Could the lines from the top of the material to the line that contains "安庆位于安徽省西南部,长江下" be retyped exactly, both included and pictures omitted?

Start of Material provided

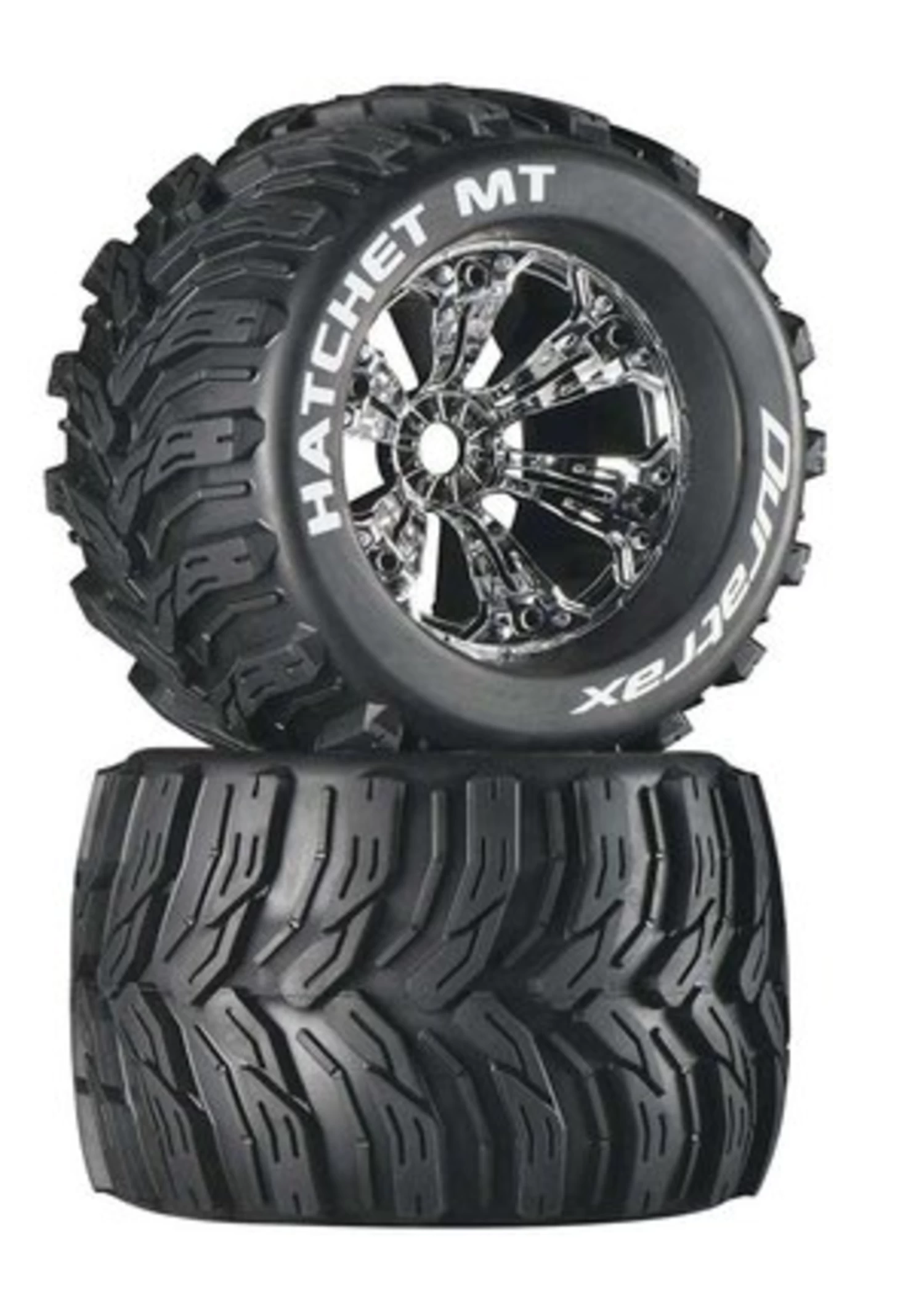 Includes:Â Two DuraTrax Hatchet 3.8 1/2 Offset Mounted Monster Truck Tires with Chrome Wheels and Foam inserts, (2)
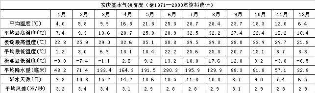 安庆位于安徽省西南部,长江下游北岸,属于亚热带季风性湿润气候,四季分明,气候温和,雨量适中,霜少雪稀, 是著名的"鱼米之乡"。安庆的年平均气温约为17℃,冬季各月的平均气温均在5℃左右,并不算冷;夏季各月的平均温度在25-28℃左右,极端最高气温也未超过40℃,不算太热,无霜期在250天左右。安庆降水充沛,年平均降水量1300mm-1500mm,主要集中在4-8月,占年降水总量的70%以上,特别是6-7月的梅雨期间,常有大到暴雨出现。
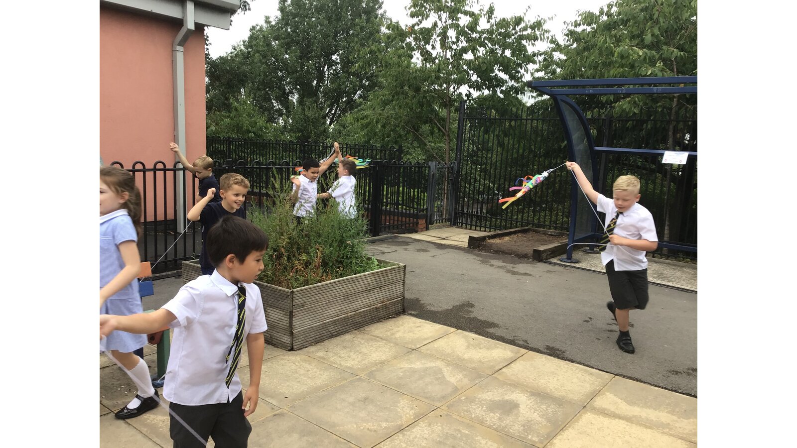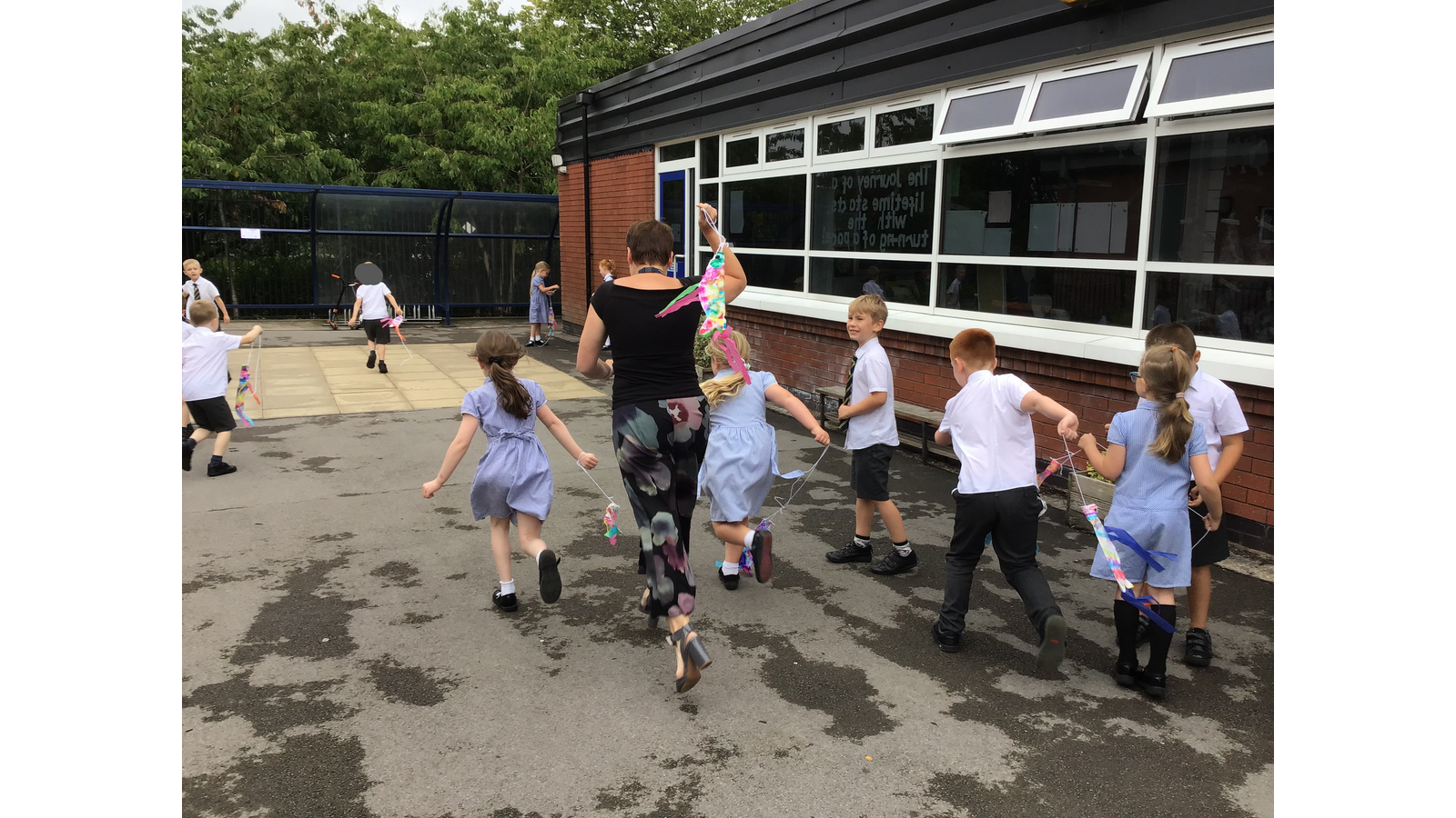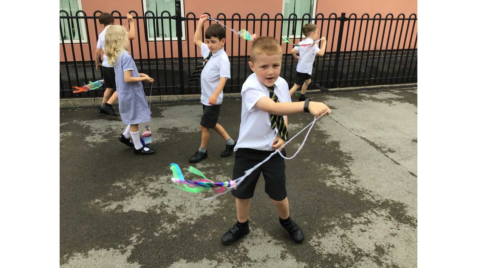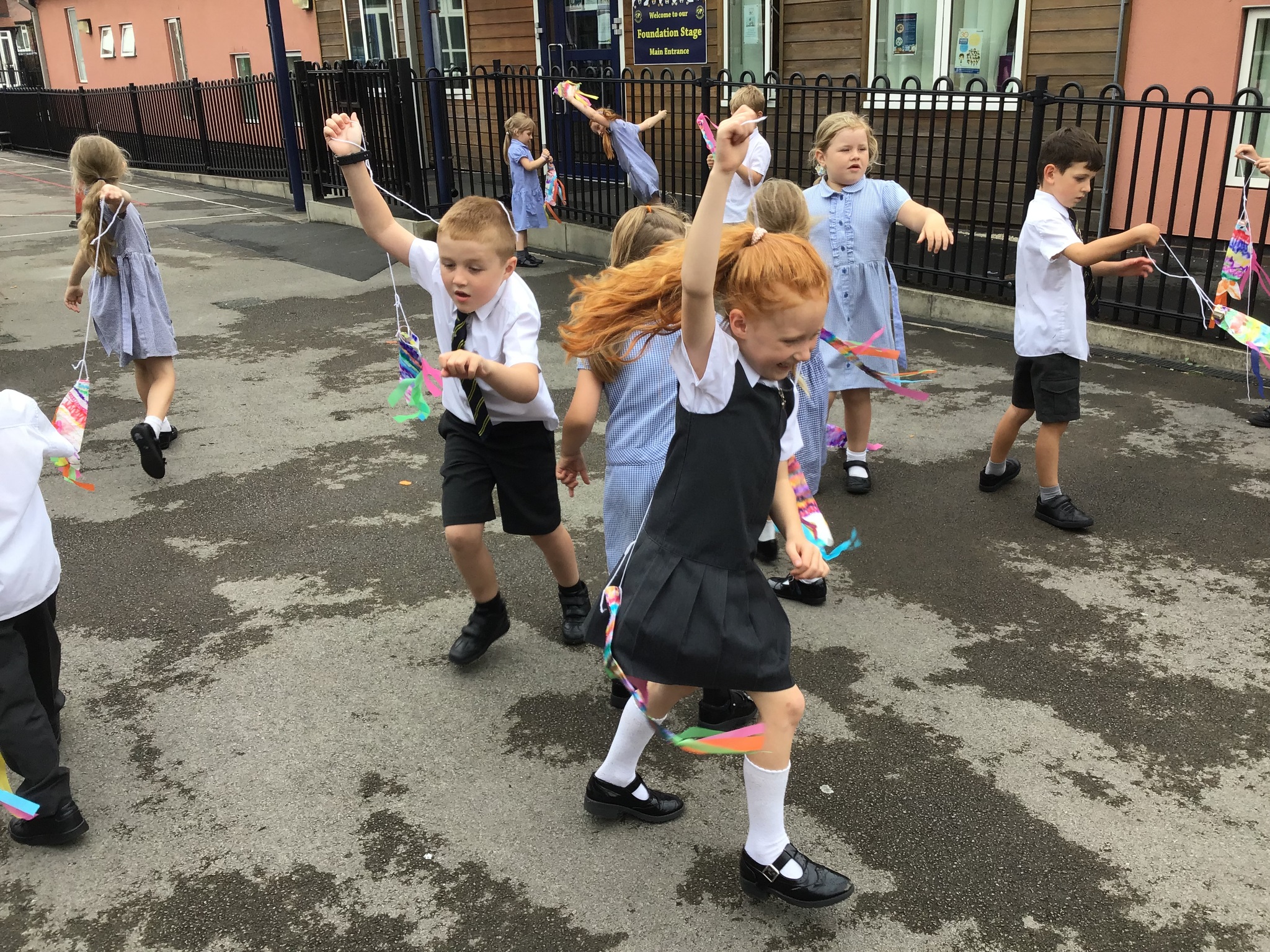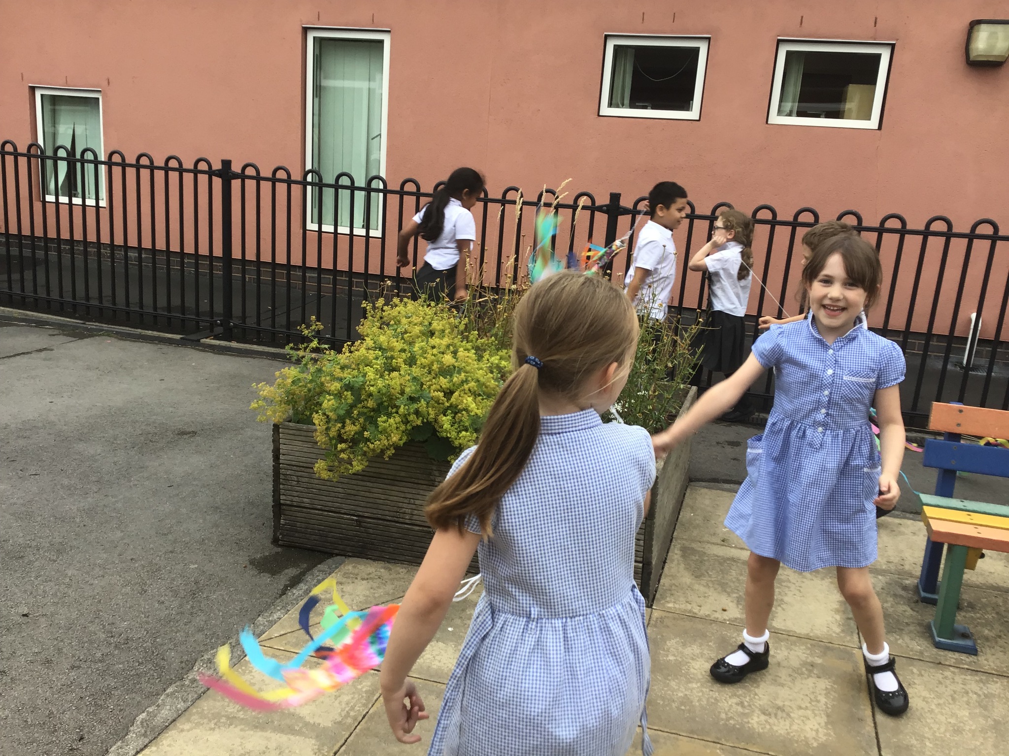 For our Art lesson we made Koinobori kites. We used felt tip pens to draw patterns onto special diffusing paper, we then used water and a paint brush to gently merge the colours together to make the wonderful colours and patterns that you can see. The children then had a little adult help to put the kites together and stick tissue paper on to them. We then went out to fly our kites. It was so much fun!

End of Material provided

* [Solved problem]
 Includes:Â Two DuraTrax Hatchet 3.8 1/2 Offset Mounted Monster Truck Tires with Chrome Wheels and Foam inserts, (2)
 安庆位于安徽省西南部,长江下游北岸,属于亚热带季风性湿润气候,四季分明,气候温和,雨量适中,霜少雪稀, 是著名的"鱼米之乡"。安庆的年平均气温约为17℃,冬季各月的平均气温均在5℃左右,并不算冷;夏季各月的平均温度在25-28℃左右,极端最高气温也未超过40℃,不算太热,无霜期在250天左右。安庆降水充沛,年平均降水量1300mm-1500mm,主要集中在4-8月,占年降水总量的70%以上,特别是6-7月的梅雨期间,常有大到暴雨出现。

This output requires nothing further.